The historic document drawn up by King Charles II to outline the terms on which he would return to Britain and assume the throne is expected to fetch up to £600,000 at auction.

Sotheby’s in London will offer one of just two surviving copies of the Declaration of Breda, which is signed by Charles II, as the star lot of its “Coronation Sale” auction on 4 May.

The historic document re-established the British monarchy following the execution of King Charles I in 1649 and the death of Oliver Cromwell, who had served as Lord Protector during the crown’s absence, in 1658.

Charles II drew up the declaration in 1660 during a time of public unrest in Britain.

The document would prove to be his ticket out of exile and back to London where he would rule for the next 25 years.

His father was executed after the English Civil War, between the royalist supporters of the monarchy and Cromwell’s parliamentarians.

The Declaration of Breda outlined how the monarchy would once again rule the country, with the terms still applying today as King Charles III prepares for his coronation on 6 May.

The document is expected to fetch between £400,000 and £600,000 when it goes up for auction two days before the coronation.

Gabriel Heaton, Sotheby’s manuscripts specialist, said: “Alongside the Magna Carta, the Bill of Rights and the Act of Settlement, this is one of a small number of transformational royal documents that have changed royal power forever, and as such it is the most important of its kind to ever appear for public sale.”

Five copies of the document were prepared by Charles II from exile in Breda (in the Protestant Netherlands) in April 1660.

Each was to be sent to the principal power bases in Britain: the House of Commons, the City of London, the Army (these three copies are now presumed lost), the House of Lords (copy now in the parliamentary archives), and the Navy.

It is the copy sent to the Navy which is to be offered for sale at Sotheby’s, and which first passed into the hands of one of the most famous names of the era, Samuel Pepys, who was secretary to the general at sea, Sir Edward Montagu.

The document is entering the public domain for the first time in 40 years since its auction in 1985 from the collection of the descendants of Montagu, who was the man responsible for bringing the king back from exile in the Netherlands in 1660.

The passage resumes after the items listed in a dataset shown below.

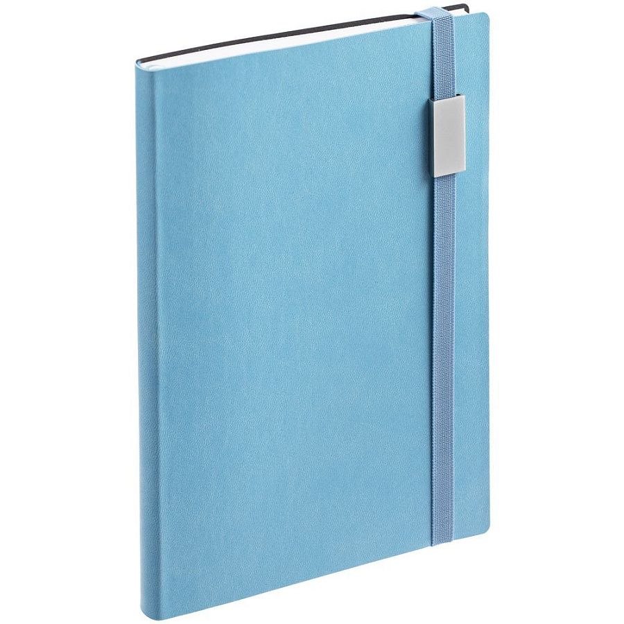 Ежедневник с гибкой обложкой, выполнен из материала Latte, голубой JJ, дополнен резинкой шириной 1 см с металлическим шильдом, капталом и ляссе голубого цвета.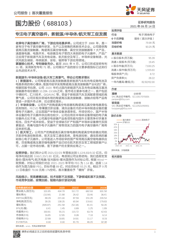 【天风证券】【20210914】国力股份-专注电子真空器件,新能源 半导体 航天军工促发展-21页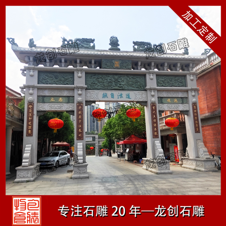 3、山門寺院牌坊、鎮山牌坊,建在各種廟宇道觀前的牌坊,坊名隨廟宇名稱而定。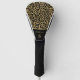 This trendy elegant golf head cover features glitter leopard print on gold background with black border and personalized with your name. A chic addition to your game. Makes a great gift.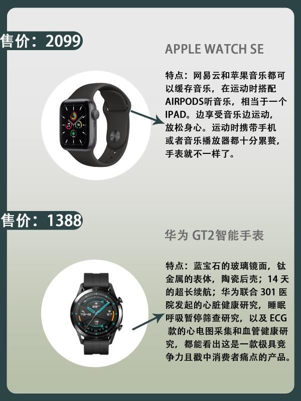 本篇笔记关联了HUAWEI/华为 WATCH GT2 (46mm) 智能手表 麒麟芯片 蓝牙通话 运动 血氧检测 两周长续航 音乐 防水 心率 新年红、Apple/苹果 Watch Series 6 智能手表 心脏健康 黑色、HUAWEI/华为 WATCH GT2 Pro 智能手表 蓝牙通话 两周续航 心率 防水 ECG 保时捷设计款 钛金灰等商品,为用户提供真实的使用体验和购买参考。
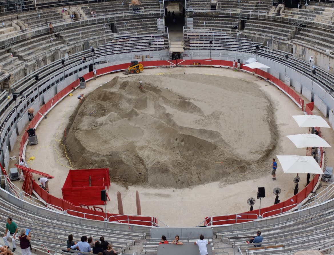 This unusual exhibition offers a foretaste of the future programme of the new centre for production and exhibition dedicated to contemporary culture that the LUMA Foundation will build at the Parc des Ateliers in Arles. This connection is also manifested in the re-use of the sand brought into Arles to create this shifting landscape. After the exhibition, all the sand will be moved to the Parc des Ateliers, where it will be accessible to the general public as part of a temporary playground before being re-used once again in the foundations for the building designed by Frank Gehry.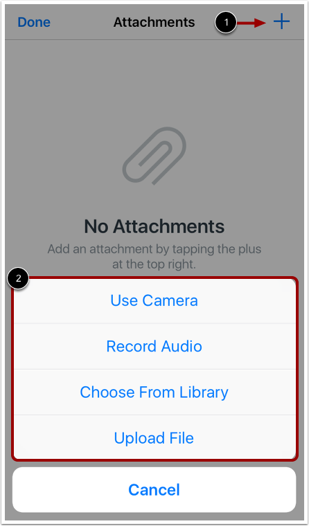 View your attachment [1]. To remove your attachment, tap the Remove icon [2].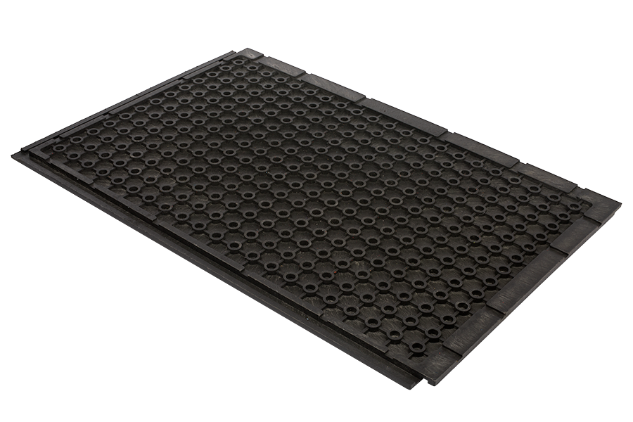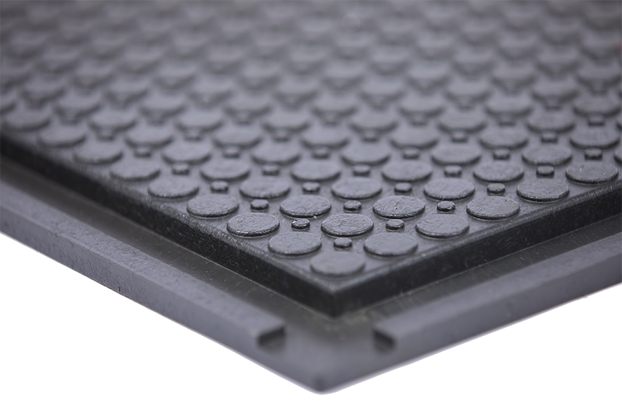 Le matériau recyclé en PVC et la surface structurée offrent une surface antidérapante qui garantit la sécurité antidérapage des collaborateurs et des clients.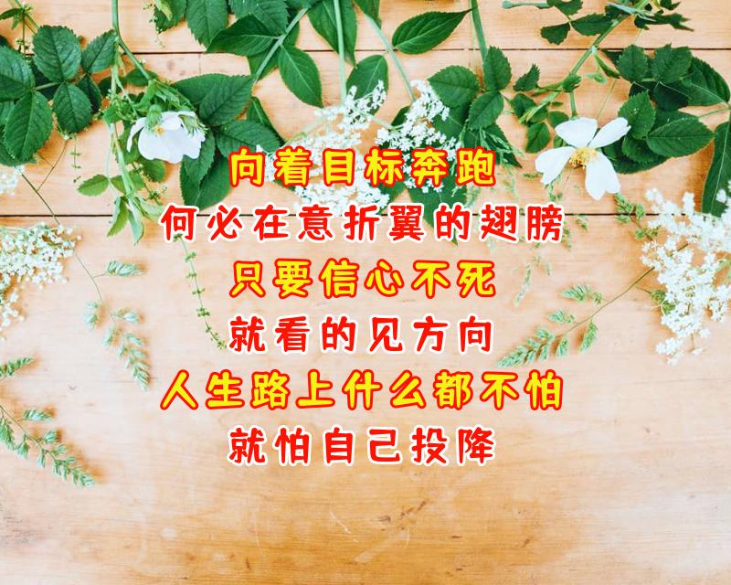 向着目标奔跑,何必在意折翼的翅膀,只要信心不死,就看的见方向,顺风适合行走,逆风更适合飞翔,人生路上什么都不怕,就怕自己投降。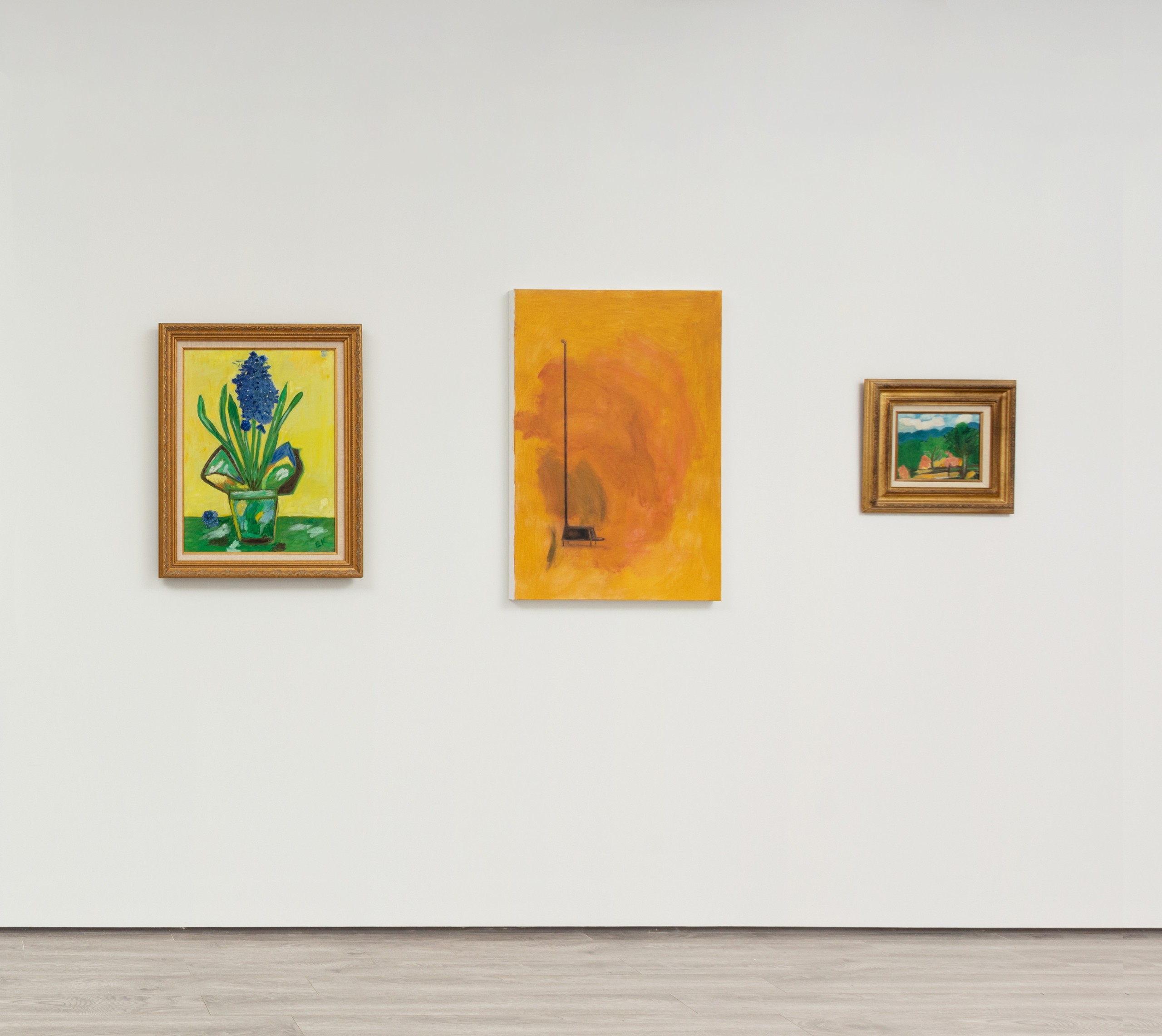 Her two flower paintings are very sparse. One is horizontal, one is vertical. I love the dark black brush strokes depicting a table and vase in the yellow horizontal work. Halfway around the vase, the dark fades to green. Possibly a conscious choice, or also possible the black just ran out. The vase is filled with a range of flowers in different colors. Two strips of blue lay across the table, maybe representing dead clippings, or maybe just an attempt at painterly flair.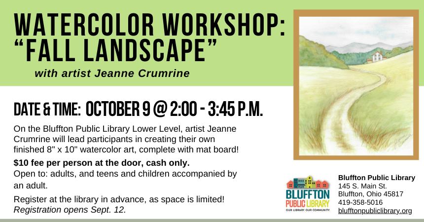 Watercolor Workshop: Fall Landscape (R)($) will be held Thu., Oct. 9 from 2:00 p.m. - 3:45 p.m.

One of the most dramatic changes in British constitutional history had been accomplished in a matter of weeks and without significant bloodshed.

The declaration strikes a powerful tone of reconciliation with its hope that the restoration of the king would bind the wounds of civil war, its expression of compassion for all his subjects, and its promise to not seek revenge for past wrongs.

It reads: “To all Our loving Subjects… after this long silence, We have thought it Our Duty to Declare how much
We desire to contribute thereunto… We can never give over the hope in good time to obteyne the possession of that Right, which God and Nature hath made Our Due… after so long misery & sufferings… with as little bloud and dammage to our People, as is possible…”

The Declaration of Breda will be on display in Sotheby’s New Bond Street galleries alongside further coronation sale highlights from 21 April to 4 May.